Nel maggio 1951 Colleghi, allievi e studenti gli tributarono il più alto plauso in occasione del XXV
anno di insegnamento e fu edito un volume di scritti ma questo tangibile segno di ammirazione e di stima
assunse la veste triste di un omaggio alla Memoria.
Scopo principale della Sua attività di Maestro fu quello di creare una clinica bene attrezzata e di dare
mente ed opera alla risoluzione di un importante problema sociale: quello della sordità. Aveva dato infine
entusiasmo ed attività allo studio della audiologia che induceva ad una felice collaborazione il fisico il
medico ed il chirurgo.
La Sua attività didattica non fu meno eccellente ed esemplare. Nel 1940 pubblicò un Trattato di
Otorinolaringologia in tre volumi in collaborazione coi più autorevoli cultori della specialità e nel 1948
un Trattato di patologia e clinica otorinolaringologica.

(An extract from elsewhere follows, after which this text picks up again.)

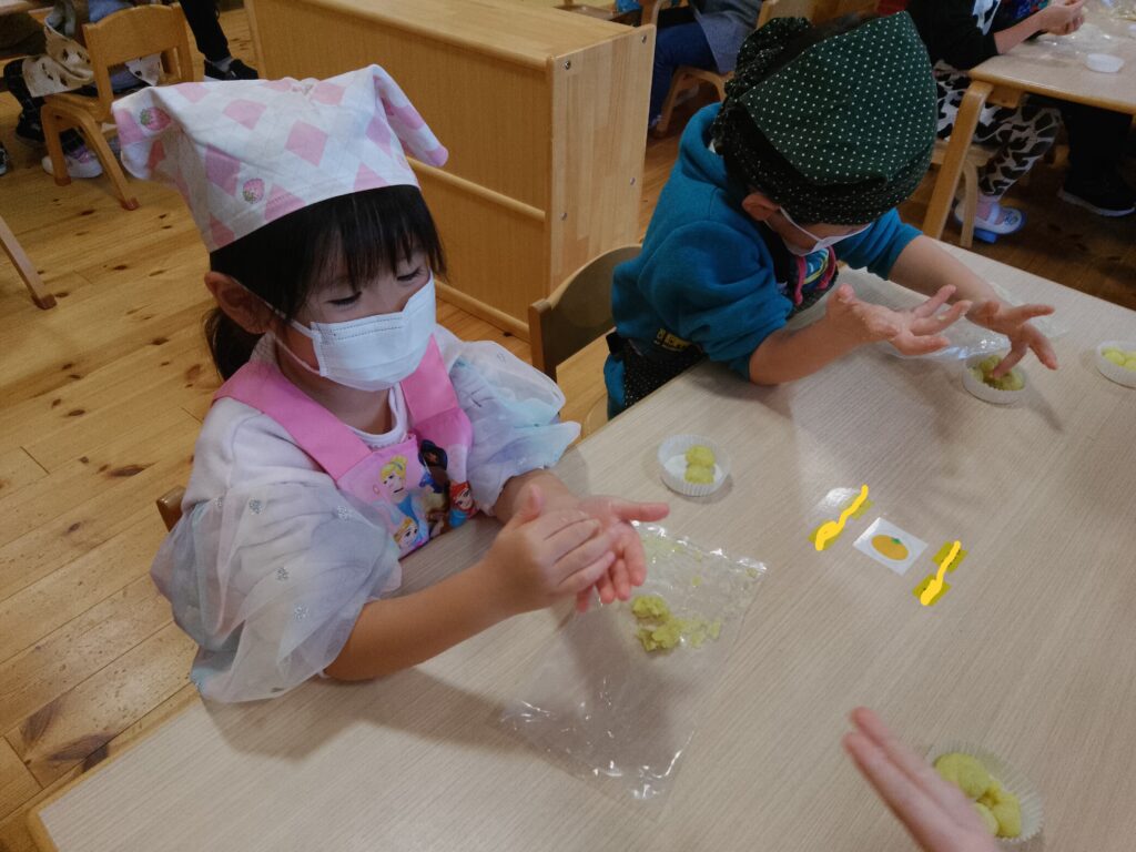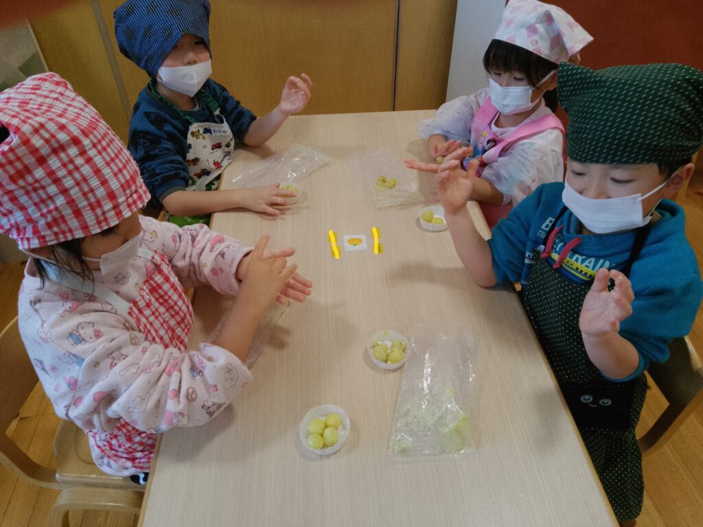 園庭の畑で育てたさつまいも。秋に芋ほりをしたものを使って、スイートポテト作りをしました。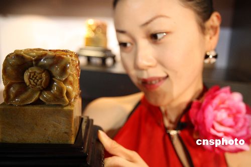 十二月二十日,北京奧組委在奧林匹克大家庭總部飯店北京飯店舉行壽山石奧運(yùn)特許商品“中國牡丹印”首發(fā)儀式。歷史悠久、雕工精美的壽山石印,承載著“中國印·舞動(dòng)的北京”與印鈕部分國色天香、雍容華貴的牡丹交相輝映。此次隆重推出的“牡丹印”是壽山石奧運(yùn)文化精品系列的首批代表作,限量2008枚。該印采用中華國石之首壽山石與國花牡丹相結(jié)合,選材為“中華印石三寶”的壽山芙蓉石脈,可稱得上是精品中的精品。中新社發(fā) 任海霞 攝

Dalla Sua Scuola uscirono numerosi allievi ormai sparsi per tutta Italia. Docenti e Primari sono in
grado di attestare che il Maestro aveva ben seminato e che la messe era già divenuta abbondante e
fruttifera.
Fu Uomo di abitudini modeste, amava la vita semplice e fu costantemente entusiasta del suo lavoro
professionale e scientifico. Accettò con rassegnazione al termine dell'ultima guerra ciò che sembrò un
crudele destino anche se a compierlo ne ebbe per maggior parte l'umana malvagità. Nel pieno vigore della
sua attività intellettuale e fisica fu colpito da un male senza speranza. Ebbe affettuose solenni onoranze
funebri e le parole che dissi sul feretro nel cortile dell'Archiginnasio vennero spontanee dal cuore al mio
labbro per il ricordo dei desideri e delle speranze che Egli mi aveva manifestate e che si riassumevano
nella conservazione della cattedra che Egli aveva illustrata e nella attuazione dei progetti e degli scopi che
Egli aveva con nobiltà di animo perseguiti per tutta la vita.